São Paulo – Os países árabes estão interessados em conhecer o etanol como adição à gasolina, o que vem sendo adotado por várias nações ao redor do mundo. A informação foi dada pelo presidente da União da Indústria de Cana-de-Açúcar (Unica), Marcos Sawaya Jank, em palestra realizada nesta quinta-feira (01), na sede da Câmara de Comércio Árabe Brasileira. Jank teve conversas sobre a possibilidade da mistura nos Emirados Árabes Unidos. Além disto, segundo ele, a Única recebe entre 180 a 200 delegações estrangeiras por ano e muitas são do mundo árabe.

Sérgio Tomisaki/Agência Meios
Sérgio Tomisaki/Agência Meios

Jank: etanol terá mercado mundial

O presidente da Unica acredita que, apesar de ser produtor de petróleo, o mundo árabe tem interesse em redução de emissões. "Eu vejo o mundo árabe observando com muito interesse esse debate climático internacional", afirmou ele, lembrando que os países em geral estão introduzindo o baixo carbono em suas legislações. Segundo Jank, as nações mais desérticas, no mundo árabe, não terão condições de produzir cana. "Mas encontrarão possibilidades de cooperação", afirmou. "Os países árabes, que olham longe, estão vendo que o petróleo não será a energia do futuro", disse Jank a cerca de 40 pessoas.

O presidente da Unica falou do mercado internacional do etanol, que vem se formando lentamente, com decisões de adição em regiões do mundo como a África. O setor vem sendo criticado por ter tido problemas de fornecimento no ano passado, com falta de etanol no mercado, justamente no período que os Estados Unidos derrubaram as tarifas para a importação do etanol de cana, abrindo o seu mercado. Com isso, o mercado vem duvidando da capacidade do Brasil de exportar etanol.
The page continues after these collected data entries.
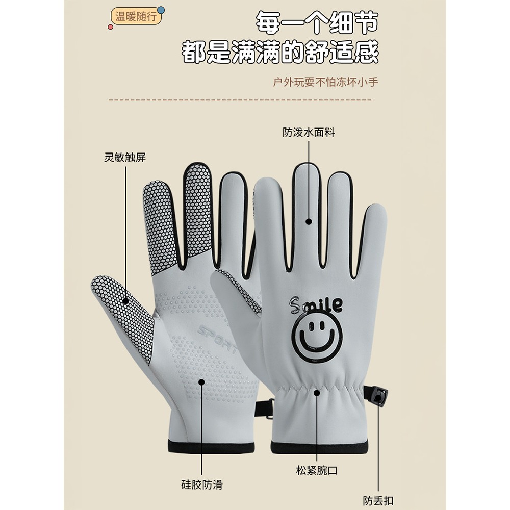 儿童骑行手套男孩防风防水加绒保暖冬季防寒全指触屏男童骑车大童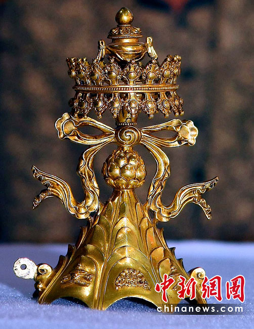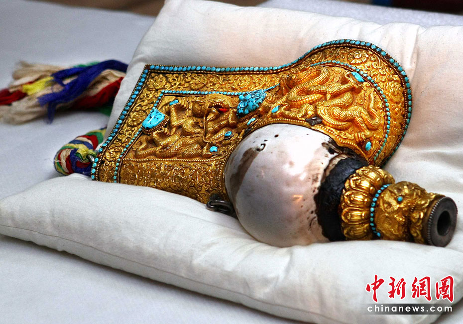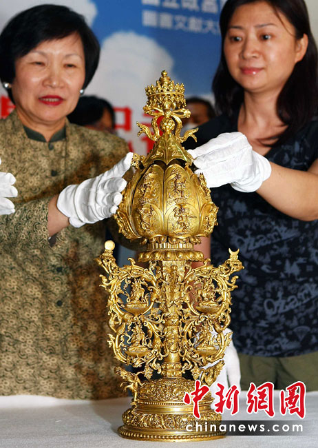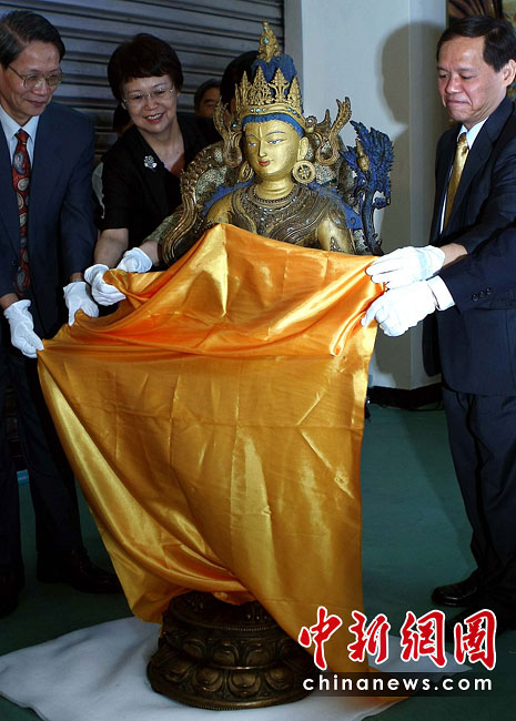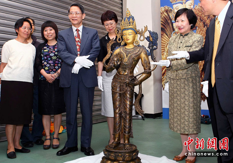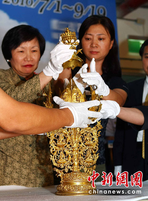 6月25日,工作人员将“鎏金铜弥勒菩萨像”、“金翅白海螺法号”、“八瓣莲花曼荼锣”等3件重量级文物开箱。7月1日,台湾故宫博物院将举办“圣地西藏---最接近天空的宝藏”特展,展览分“吐蕃王朝”、“金色宝藏”、“文化交流”、“雪域风情”四部分,共有130组件文物参展。中新社记者 宋吉河 摄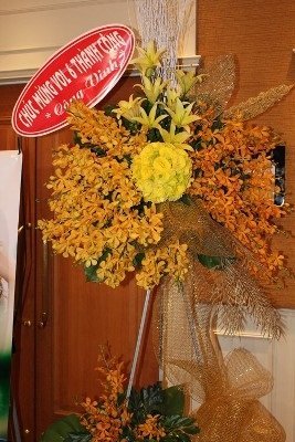 | Lẵng hoa Công Vinh gửi tặng Thủy Tiên nhân dịp cô ra album mới (Ảnh: yume.vn) |
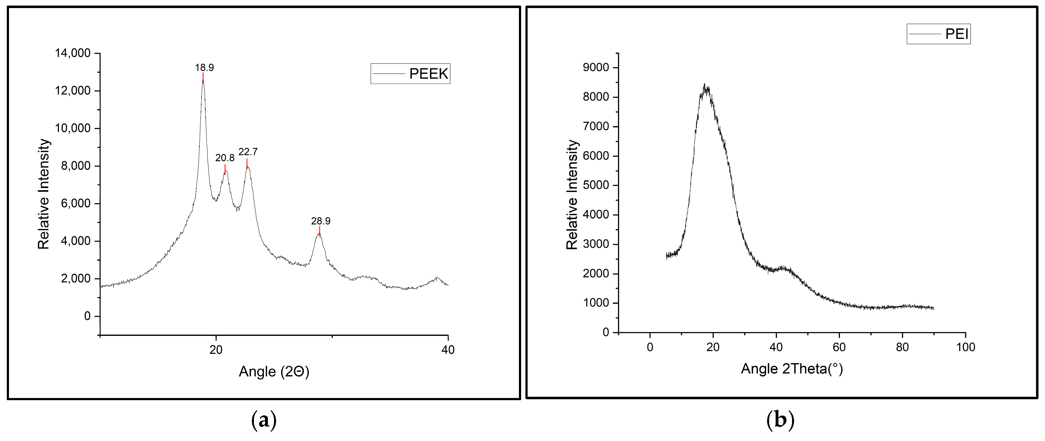 - McCrickard, C.; Boyd, A.; Archer, E.; Manzoor, F.; Ullah, J. Polyether ether ketone (PEEK) and polyetherimide (PEI) for fused filament fabrication (FFF) in medical applications. Int. J. Adv. Manuf. Technol. 2025, 140, 5737–5754. [Google Scholar] [CrossRef]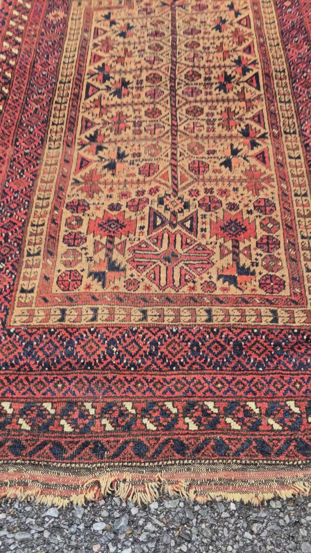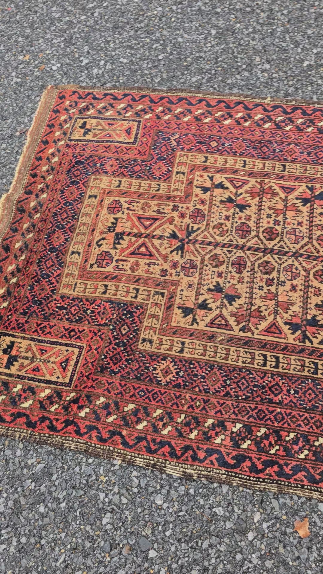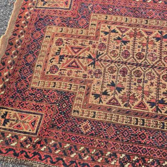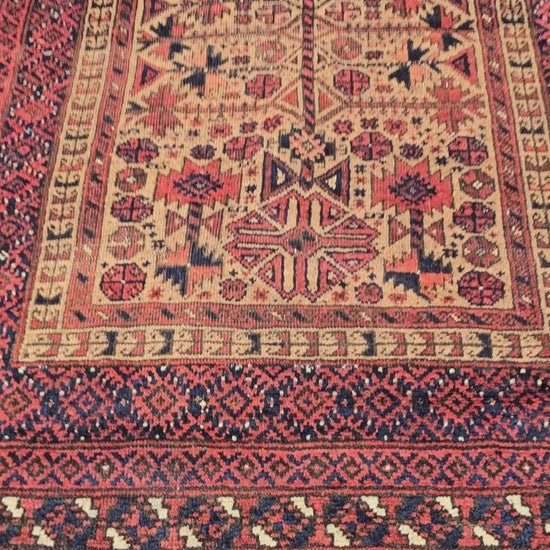 Bring history and handmade craftsmanship into your space with this authentic Afghan Baluch rug. Hand-knotted by skilled Baluchi weavers along the Afghanistan–Iran border, this piece showcases the region’s rich textile traditions with bold geometric motifs, symbolic medallions, and a beautifully layered border.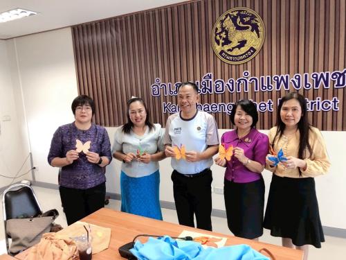 การจัดกิจกรรมครั้งนี้ เพื่อสนับสนุนการออกร้านงานกาชาดของสมาคมแม่บ้านมหาดไทย ประจำปี 2568 โดยประดิษฐ์ผีเสื้อจากผ้าไทยประจำถิ่นของจังหวัด อาทิ สีศิลาแลง ลายผ้าศิลาล้อมเพชร สีประจำจังหวัดกำแพงเพชร โดยได้รับความร่วมมือจากสำนักงานพัฒนาชุมชนอำเภอ และภาคีเครือข่ายในพื้นที่มาร่วมกันประดิษฐ์ผีเสื้อจากผ้าไทยประจำถิ่นเพื่อสนับสนุนการออกร้านงานกาชาดของสมาคมแม่บ้านมหาดไทย ประจำปี 2568
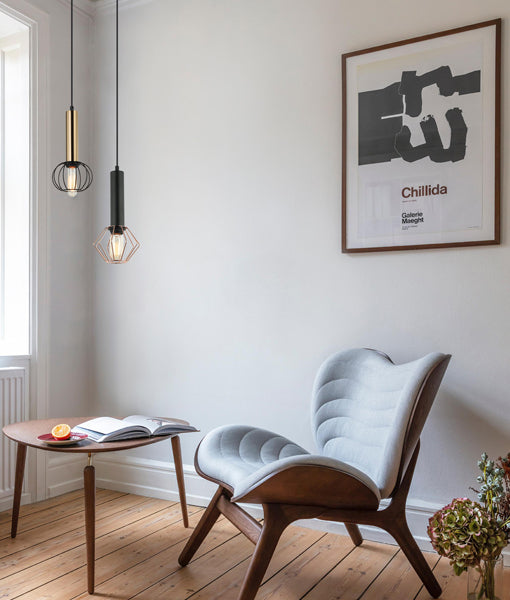 CORAZON: Interior Matte Black and Copper Cage Diamond Pendant Light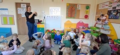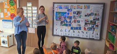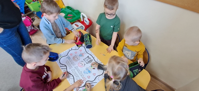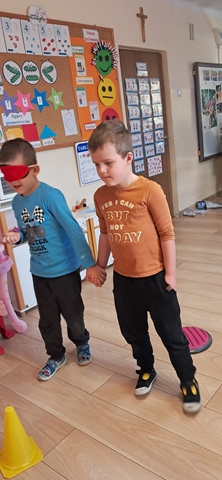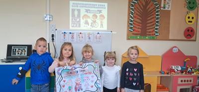 Dnia 3 grudnia 2024 roku obchodziliśmy w przedszkolu Międzynarodowy Dzień Osób Niepełnosprawnych. Przedszkolaki dowiedziały się, z jakimi problemami zmagają się dzieci i dorośli z różnymi niepełnosprawnościami m.in. niewidomi, niesłyszący, niepełnosprawni ruchowo. Przedszkolaki z wielkim zaangażowaniem wykonywały zadania np.: zrozumienie słów przy zasłoniętych uszach, wyjęcie monet z oleju. Dużą trudność sprawiło dzieciom pokonanie toru przeszkód z zawiązanymi oczami, bazując jedynie na wskazówkach kolegi czy koleżanki. Dzieci z grupy Pszczółki w zespołach kolorowały plakaty. W grupie Motylki mama Natalki pokazała jak się miga. Dzięki takim doświadczeniom przedszkolaki wiedzą, z jakimi trudnościami na co dzień borykają się osoby niepełnosprawne, jak ważna jest ich akceptacja i tolerancja.

Sérgio Tomisaki/Agência Meios
Sérgio Tomisaki/Agência Meios

Câmara Árabe promoveu palestra

Jank falou que a exportação brasileira de etanol será, de fato, modesta, mas que o mercado mundial do etanol vai acontecer. As vendas externas, segundo ele, estão crescendo, apesar de o País hoje importar mais do que exportar. "As exportações vão acontecendo lentamente, na medida em que os países forem fazendo as suas misturas. Mas se tiverem reservas estratégicas porque ninguém vai querer sair da dependência do petróleo árabe para depender de outros países", afirmou.

Segundo ele, outros países produzirão etanol. "O mercado internacional vai acabar acontecendo, ele é uma consequência da criação do mercado interno dos países", disse, sinalizando que o mundo não deve ficar dependente do etanol brasileiro. "Não há porque só o Brasil ser o país do etanol", afirmou, ressaltando o potencial que a África tem como produtora do biocombustível. Atualmente mais de 30 países tem decisões de misturar etanol à gasolina.

Jank também mencionou as dificuldades pelas quais o setor passou. "Na década passada crescemos 10% ao ano, mas a partir de 2008 a indústria parou de crescer. Estamos em um momento ruim de produção devido à crise financeira mundial", afirmou, contando que um terço das empresas foi vendido e mudou de donos desde lá. As que foram vendidas foram principalmente as que investiram, acreditando no crescimento do setor. O etanol, porém, perdeu competitividade frente à gasolina e por isso o mercado anda em baixa.

Sérgio Tomisaki/Agência Meios
Sérgio Tomisaki/Agência Meios

Setor voltará a crescer, diz Jank

O setor vem tendo conversas, neste sentido, com o governo, para redução dos impostos sobre o etanol para que ele volte a ficar competitivo. Jank afirma que é uma questão de tempo para que o setor volte a crescer. A indústria de etanol traçou metas altas: chegar a 70 bilhões de litros produzidos na safra 2020/2022. Atualmente são produzidos cerca de 27 bilhões de litros.

A indústria espera também dar um salto de crescimento com a produção partir do bagaço e da palha da cana-de-açúcar, além de consolidação de projetos logísticos para o setor, como a construção de um duto para escoamento de etanol. Atualmente, o faturamento do setor sucroalcooleiro é US$ 48 bilhões, com exportações de US$ 15 bilhões, 430 usinas estabelecidas e 70 mil produtores de cana.

A palestra de Jank fez parte de uma iniciativa da Câmara Árabe de promover debates sobre assuntos de interesse de associados da entidade. O encontro desta quinta-feira teve abertura do CEO da Câmara Árabe, Michel Alaby, e presença do presidente da entidade, Salim Taufic Schahin, além de outras lideranças.